The guide assumes the reader is familiar with basic networking concepts like routing protocols, DNS, and data center network architecture. Also, the reader must be aware of various F5XC concepts such as Load Balancing, BGP configuration, Sites and Virtual Sites, and Site Local Inside (SLI) and Site Local Outside (SLO) interfaces.
Introduction
To create a resilient network architecture, all components on the network must be deployed in a redundant topology to handle device and connectivity failures. A CE acts as an L7 gateway and sits in the path of the network traffic, hence it needs a redundant architecture. For a production setup, it is recommended to deploy the site as a three-node cluster. These three nodes are the control nodes. Additional worker nodes can be added for higher L7 and security performance.
Clustering on CE Site
A CE can be deployed as a multi-node site for redundancy and scaling performance. CE runs kubernetes on its nodes and inherits k8s HA architecture of having either one or three control nodes and optional worker nodes. Production deployments are recommended to have 3 control nodes for redundancy and additional worker nodes to meet the performance requirements of the site. A multi-node site can tolerate one control node failure as it needs at least 2 nodes to form the quorum for HA. It's important to ensure that multiple control nodes don't fail simultaneously in each site. Worker node failures do not cause the whole site to fail. It only reduces the total throughput the site can handle.
Note: The control nodes may also be addressed as master nodes in legacy documentation. Although they are called control nodes, they run both the control plane and data plane functions.
Figure: CE Clustering
In a multi-node setup, two CE control nodes form tunnels to the two closest REs. If one of the control nodes with a tunnel fails, it gets reassigned to the remaining control node. In a single node site, the same node forms tunnels to two different REs. Worker nodes are not supported for sites with a single control node.
Figure: RE – CE connectivity
CE Site HA Options
In a regular deployment, a multi-node CE site is used to achieve redundancy. A load balancer configured on the CE site uses the IP address of SLI, SLO, or both interfaces as VIP by default. But this means the load balancer domain/hostname will need to resolve to multiple IP addresses across the nodes of the CE. To simplify this, F5XC also allows users to specify a custom IPv4 address as the VIP for each load balancer.
An alternative topology is to use multiple single-node sites deployed across different availability zones in the data center or public cloud. In this case, the sites can be grouped into a Virtual Site. A load balancer can be configured with a custom VIP advertised to this Virtual Site.
Both of these options are explained in detail in the sections below.
High Availability Options for Single CE Site
This section describes the deployment options available to direct the traffic across the CE nodes and lists the pros and cons of each option. The feasibility of these options may vary by environment (on-premise or public cloud) and networking tools available. These nuances are also explained for each option.

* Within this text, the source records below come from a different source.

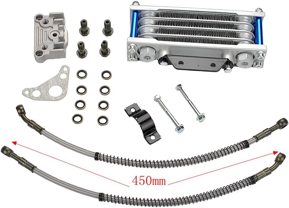 Package Includes:1 radiator , 2 hoses, 1 bracket, 1 cylinder head cap,4 banjo Bolts and washers,Installation Instruction NOT Included,just use bracket to mount on Carb.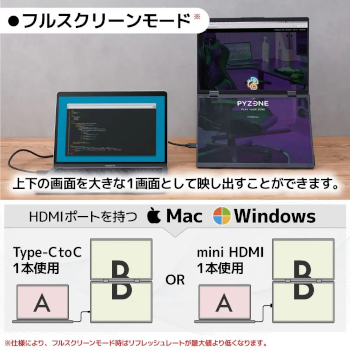 拡張モードでは、上下2枚を別々の画面として使用。フルスクリーンモードでは、2枚を一つの大画面として利用できる。目的に応じて表示方法を切り替えられ、動画編集、資料参照、コード確認など、ワークフローに合わせた理想的な表示環境を作れる。
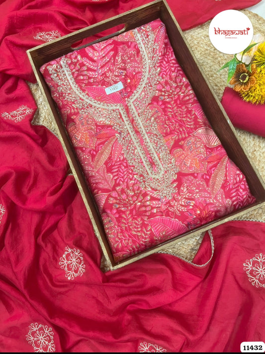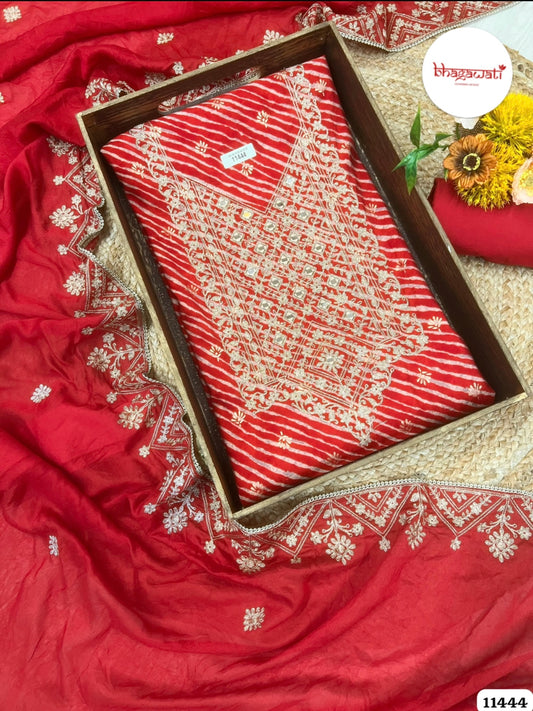 Beautiful Red Modal Silk Suit with Real Mirror Embroidery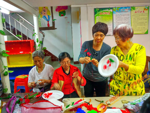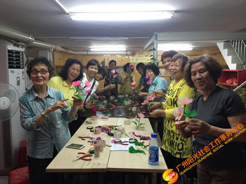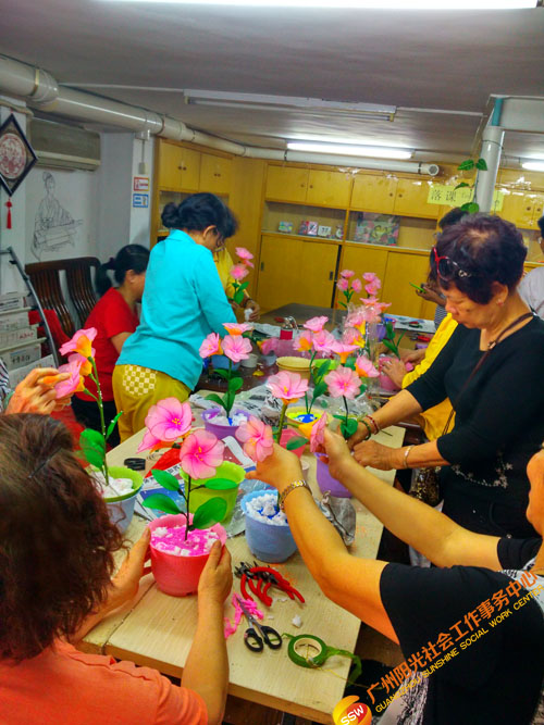 2016年5月23号下午社工在人民街家庭综合服务中心的靖海门分点圆满结束了“丝丝心意”丝网花小组。本小组持续一个多月,共六节。该小组邀请了擅长丝网花的阿姨进行义教,指导组员掌握并完成每个丝网花成品,在这个过程中,使得组员学得开心、聊得开心、玩得开心,从而促进了长者之间的互动,同时共产出60个义卖作品。

For L4 and L7 load balancer VIPs on the CE site, all nodes (control and worker nodes) can actively receive the traffic. The site bandwidth scales linearly with the number of nodes. So, multiple worker nodes can be deployed based on the performance requirements of the site.
For public load balancers, the VIP is on RE, and the bandwidth is limited to the bandwidth of the tunnel connecting the two CE control nodes to the REs.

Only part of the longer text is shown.